For descriptive statistics, continuous variables were summarised and presented using their respective median and counts for categorical variables were shown as percentages. Mann-Whitney U test and Chi-square test of independence with Yate’s continuity correction were performed on unscaled continuous and categorical variables, respectively, to determine significant differences between the two groups. Since unequal variance can inflate false positives when applying Mann-Whitney U, stringent post-hoc Bonferroni adjustments were applied²⁴. Raw p values are presented throughout the article, with the significance threshold indicated in the main text or legend.

Biomarker associations and multiple testing correction

Logistics regression was used to estimate the odds ratio for biomarker associations with ME/CFS and comorbid cohorts against the C2 cohort. Odds ratios were adjusted for sex, age, cholesterol-lowering medication and fish oil supplements. We applied a Bonferroni threshold of P < 0.05/249 when identifying significant associations in ME/CFS only (accounting for the total number of biomarkers) and a less stringent Bonferroni adjustment of P < 0.05/8 (accounting for the number of medical conditions tested) when detecting overlapping and unique associations in multiple conditions with different sample sizes.

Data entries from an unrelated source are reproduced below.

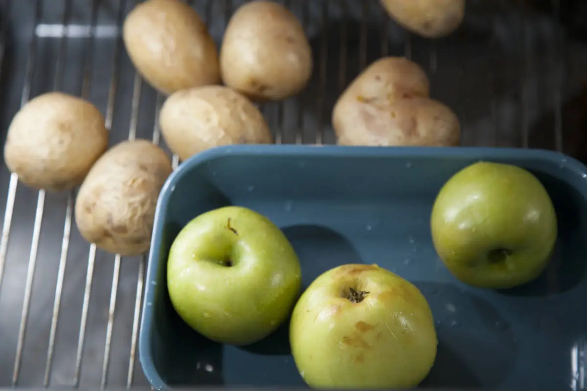 Картофель и яблоки помойте и запеките в духовке до готовности (можно приготовить на пару).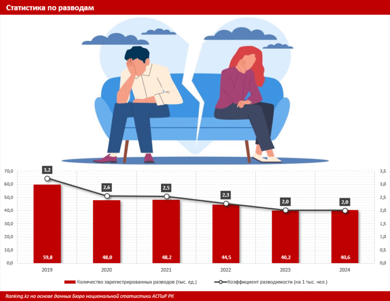 Начнём с самого обсуждаемого аргумента: из-за появления в стране пособия для неполных семей в РК якобы увеличилось количество разводов. К счастью, Бюро национальной статистики (БНС) АСПиР РК своими данными опровергает это утверждение. Судя по отчётам БНС, за последние несколько лет число разводов в стране не выросло, а, наоборот, сократилось. Если в 2019-м через процедуру расторжения брака прошли 59,8 тыс. пар, то в прошлом году — уже всего 40,6 тыс. Коэффициент разводимости также уменьшился.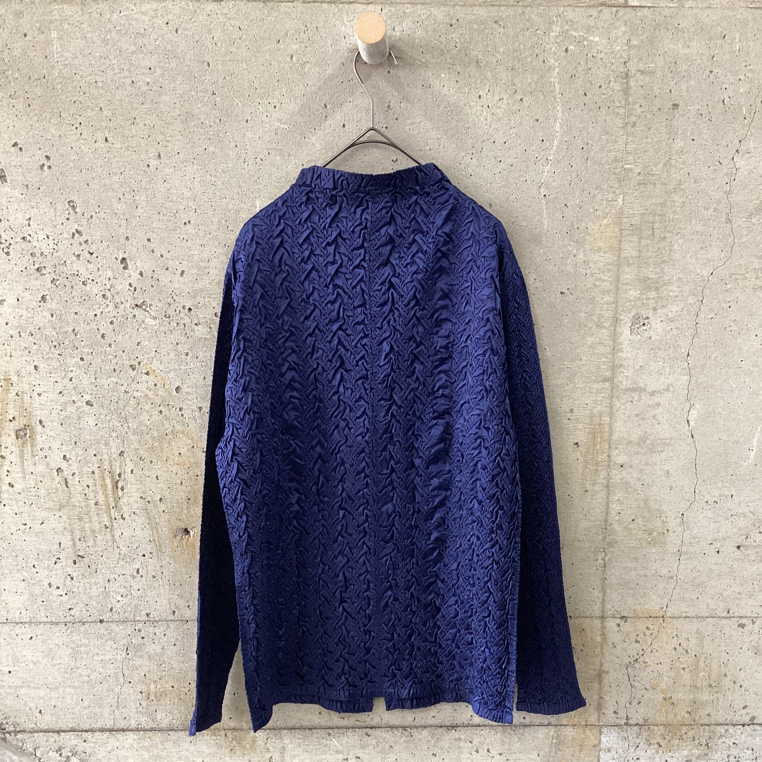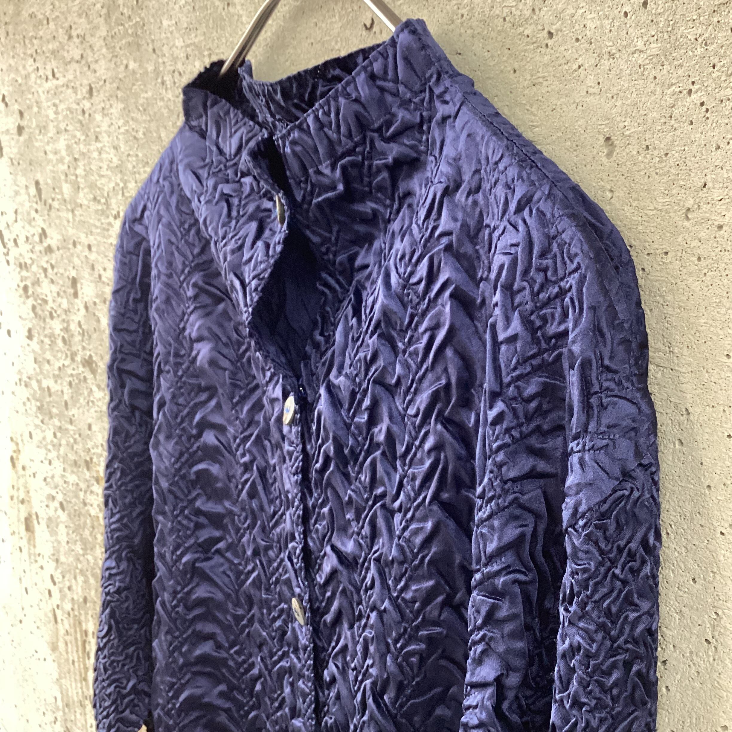 光沢のあるネイビーの生地は上品さがあり、スタンドカラーで綺麗なシルエットになってくれます。

Variance decomposition of baseline characteristics on biomarkers

Linear regression was performed first to identify the association between the baseline characteristics and biomarkers adjusting for sex, age, cholesterol-lowering medication and fish oil supplements, and secondly, to determine the variance in biomarker measurements explained by each baseline characteristic, variance decomposition was performed in ME/CFS cohort only and for the entire study population, implemented in the R package variancePartition (v1.24.1)²⁵.

Sampling strategies

Class imbalance is a problem in machine learning as it can bias prediction to the majority class²⁶. Different oversampling and undersampling strategies that were applicable for both continuous and categorical data were employed to generate nine different training sets (Supplementary Table 2). The first training set considered the original class distribution: 962 participants in the minority class (ME/CFS) and 66,545 participants in the majority class (rest of study population), exhibiting a 1:70 ratio. Four additional training sets were constructed with random undersampling of the majority class at different ratios: 1:1, 1:2, 1:4 and 1:20. A training set combining bootstrapping and random undersampling was also constructed²⁷, with 20,000 participants in each class to match the number of participants in the majority class in the test set. Two algorithmic class imbalance strategies were also employed: cluster-based undersampling using k-prototypes²⁸ and Synthetic Minority Oversampling Technique for Nominal and Continuous (SMOTE-NC)²⁹, implemented in the R package RSBID v0.0.2.0. The final training set used a combination of SMOTE-NC and cluster-based undersampling. The test set remained at the original class distribution.

Feature selection

Four feature sets were curated comprising of (1) all baseline characteristics and biomarkers (319 features); (2) all biomarkers (249 features); (3) baseline characteristics and biomarkers significantly associated with ME/CFS at trait-wise Bonferroni threshold (242 features) and (4) biomarkers significantly associated with ME/CFS at trait-wise Bonferroni threshold (197 features). Two feature selection methods were employed: least absolute shrinkage and selection operator (LASSO) feature selection³⁰ and forward feature selection³¹ to remove irrelevant or correlated variables³², implemented in R package glmnet (v4.1.4)³³ and using the scikit-learn library, respectively.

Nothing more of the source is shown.